*** RECORDS TO USE Section Begins ***

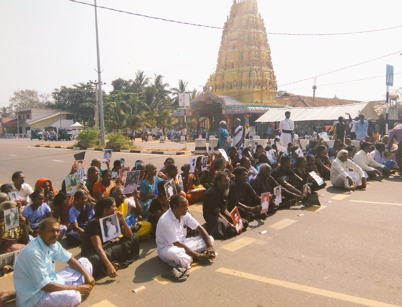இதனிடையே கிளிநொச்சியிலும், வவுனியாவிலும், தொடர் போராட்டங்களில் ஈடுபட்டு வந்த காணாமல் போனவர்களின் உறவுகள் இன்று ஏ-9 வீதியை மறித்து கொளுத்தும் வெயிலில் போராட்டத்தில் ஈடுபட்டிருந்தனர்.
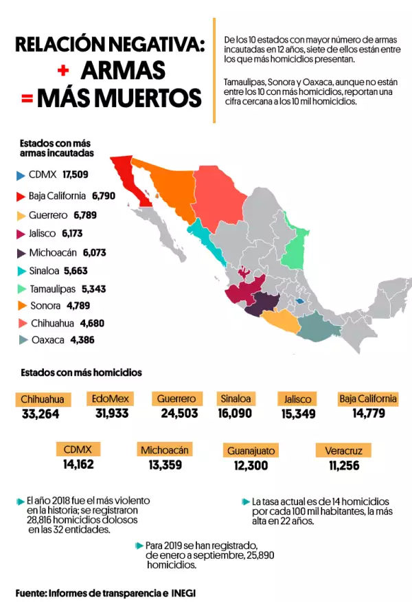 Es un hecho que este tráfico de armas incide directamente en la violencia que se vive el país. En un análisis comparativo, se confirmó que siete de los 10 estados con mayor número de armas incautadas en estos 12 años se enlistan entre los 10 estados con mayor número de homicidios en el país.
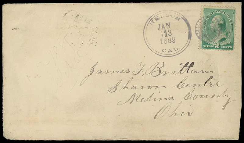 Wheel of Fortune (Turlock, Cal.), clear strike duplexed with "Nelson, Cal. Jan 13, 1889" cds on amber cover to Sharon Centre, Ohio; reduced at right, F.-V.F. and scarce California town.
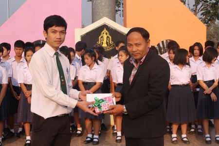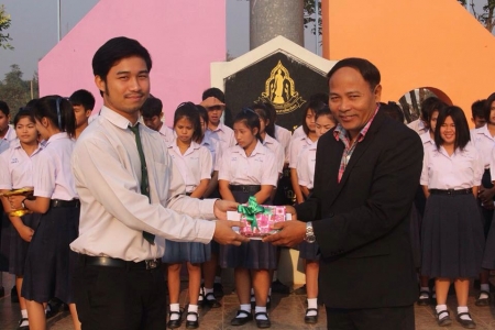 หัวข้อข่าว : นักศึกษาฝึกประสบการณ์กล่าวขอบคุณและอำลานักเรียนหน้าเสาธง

*** RECORDS TO USE Section Ends ***
*** RECORDS TO USE Section Begins ***

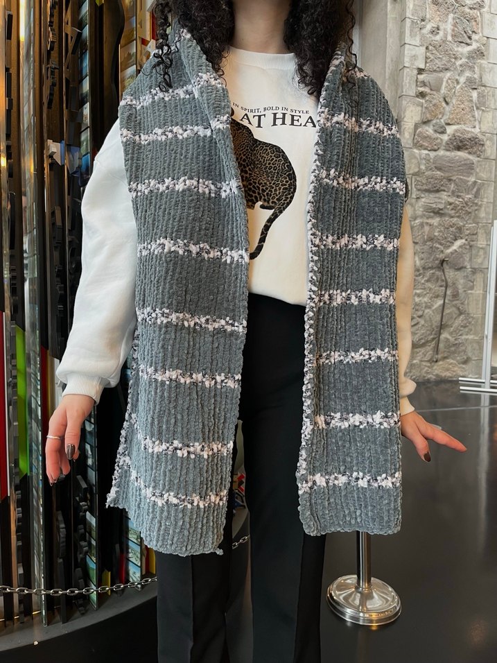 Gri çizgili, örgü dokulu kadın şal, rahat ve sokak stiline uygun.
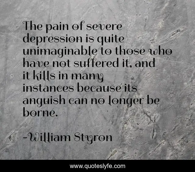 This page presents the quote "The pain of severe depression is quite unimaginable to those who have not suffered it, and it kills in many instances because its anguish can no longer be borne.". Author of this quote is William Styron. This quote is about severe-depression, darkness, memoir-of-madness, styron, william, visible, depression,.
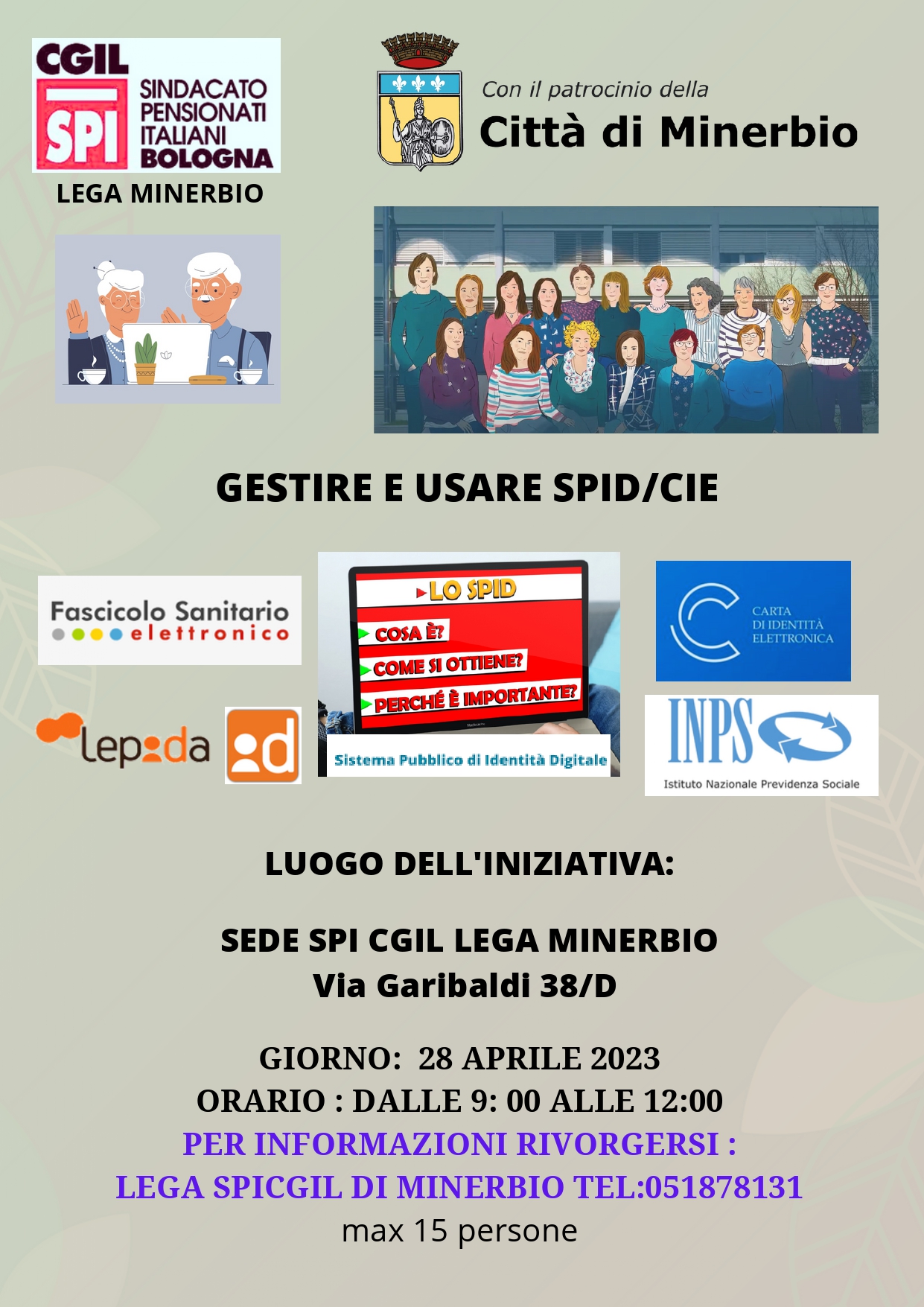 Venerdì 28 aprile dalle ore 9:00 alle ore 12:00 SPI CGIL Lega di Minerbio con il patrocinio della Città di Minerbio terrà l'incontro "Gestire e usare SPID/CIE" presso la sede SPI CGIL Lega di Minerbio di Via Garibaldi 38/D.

*** RECORDS TO USE Section Ends ***
*** RECORDS TO USE Section Begins ***

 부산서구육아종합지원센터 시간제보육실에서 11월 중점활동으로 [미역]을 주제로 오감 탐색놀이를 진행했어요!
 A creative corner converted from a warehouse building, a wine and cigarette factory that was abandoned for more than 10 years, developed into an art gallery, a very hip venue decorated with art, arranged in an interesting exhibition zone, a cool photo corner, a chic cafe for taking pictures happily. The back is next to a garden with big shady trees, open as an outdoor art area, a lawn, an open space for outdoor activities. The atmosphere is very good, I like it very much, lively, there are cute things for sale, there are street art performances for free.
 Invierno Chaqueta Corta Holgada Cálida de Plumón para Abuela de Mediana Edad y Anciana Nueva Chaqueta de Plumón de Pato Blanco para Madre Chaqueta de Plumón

*** RECORDS TO USE Section Ends ***

» **YOUR OBJECTIVE**
Take the lines above starting at the one containing "Gri çizgili, örgü" and ending at the one containing "Venerdì 28 aprile", and print them again exactly, without pictures.

» **SOLVED PROBLEM**
 Gri çizgili, örgü dokulu kadın şal, rahat ve sokak stiline uygun.
 This page presents the quote "The pain of severe depression is quite unimaginable to those who have not suffered it, and it kills in many instances because its anguish can no longer be borne.". Author of this quote is William Styron. This quote is about severe-depression, darkness, memoir-of-madness, styron, william, visible, depression,.
 Venerdì 28 aprile dalle ore 9:00 alle ore 12:00 SPI CGIL Lega di Minerbio con il patrocinio della Città di Minerbio terrà l'incontro "Gestire e usare SPID/CIE" presso la sede SPI CGIL Lega di Minerbio di Via Garibaldi 38/D.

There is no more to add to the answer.